### PROMPT:
Reproduce exactly the lines from the one containing "Pairs of glittery" through the end of the entries, including both. Drop the pictures.
-- SOURCE INFORMATION follows --
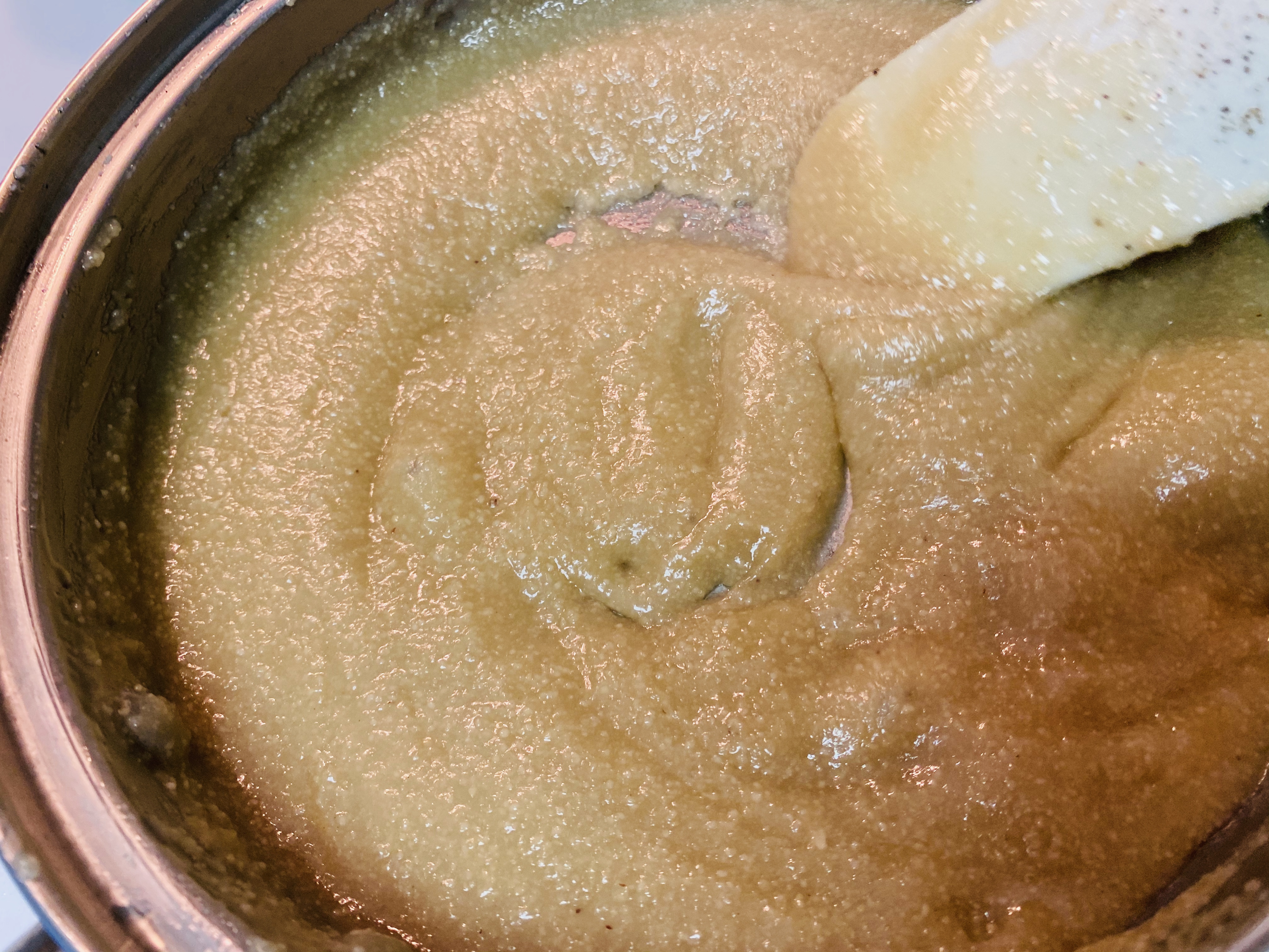 - Cook cashew paste on a medium-low flame and keep stirring continuously to avoid sticking it at the bottom of the pan.
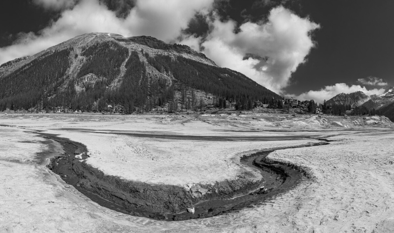 Data confirms that 2022 was the hottest year in Italy since 1800. Covering the entire country from North to South, scouring glacier, river and lake areas, Stefano Torrione analyses landscapes where the “wounds” inflicted by the drought have been most evident. The result is huge photos that in the austere language of black and white, highlight the effects on the country of global warming and address the issue of “tormented beauty”.
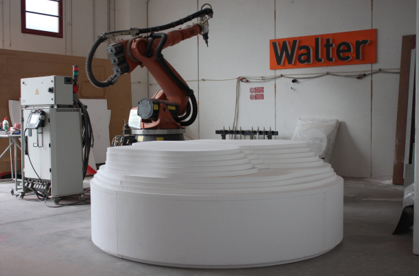 - Taglio a filo caldo del polistirolo per ottenere ogni livello con precisione geometrica;
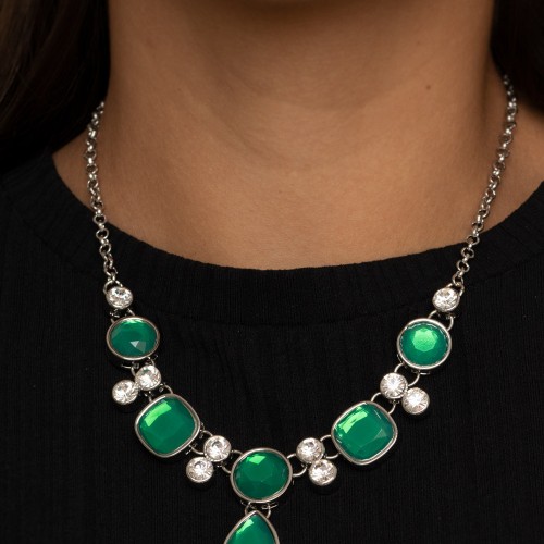 Pairs of glittery white rhinestones, join a sparkly collection of round, square, and dewy teardrop green rhinestones below the collar for a timeless look. Features an adjustable clasp closure.
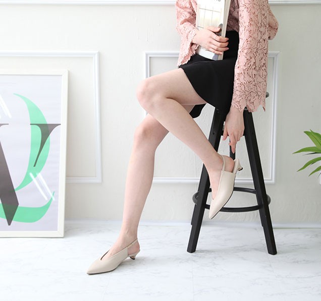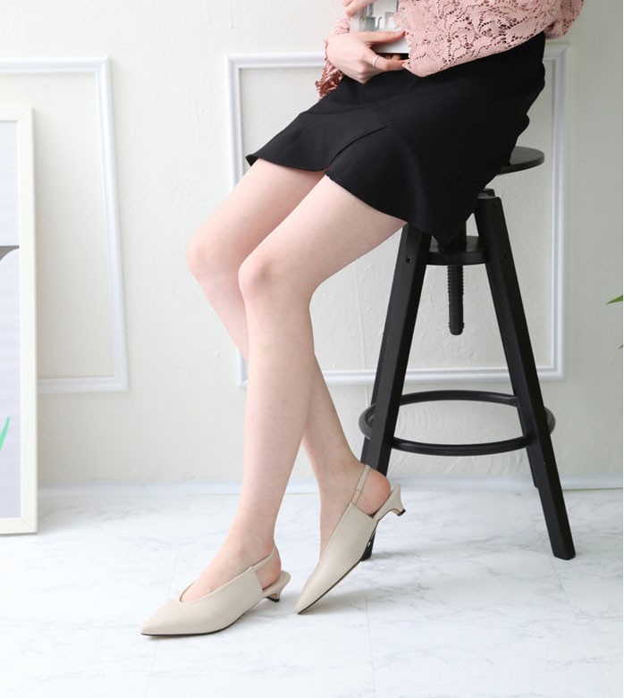 商品名:パンプス レディース ポインテッドトゥ スリングバック ローヒール 2018 春 ファッション 靴 婦人靴
-- SOURCE INFORMATION concluded --
### THE ANSWER:
 Pairs of glittery white rhinestones, join a sparkly collection of round, square, and dewy teardrop green rhinestones below the collar for a timeless look. Features an adjustable clasp closure.
 商品名:パンプス レディース ポインテッドトゥ スリングバック ローヒール 2018 春 ファッション 靴 婦人靴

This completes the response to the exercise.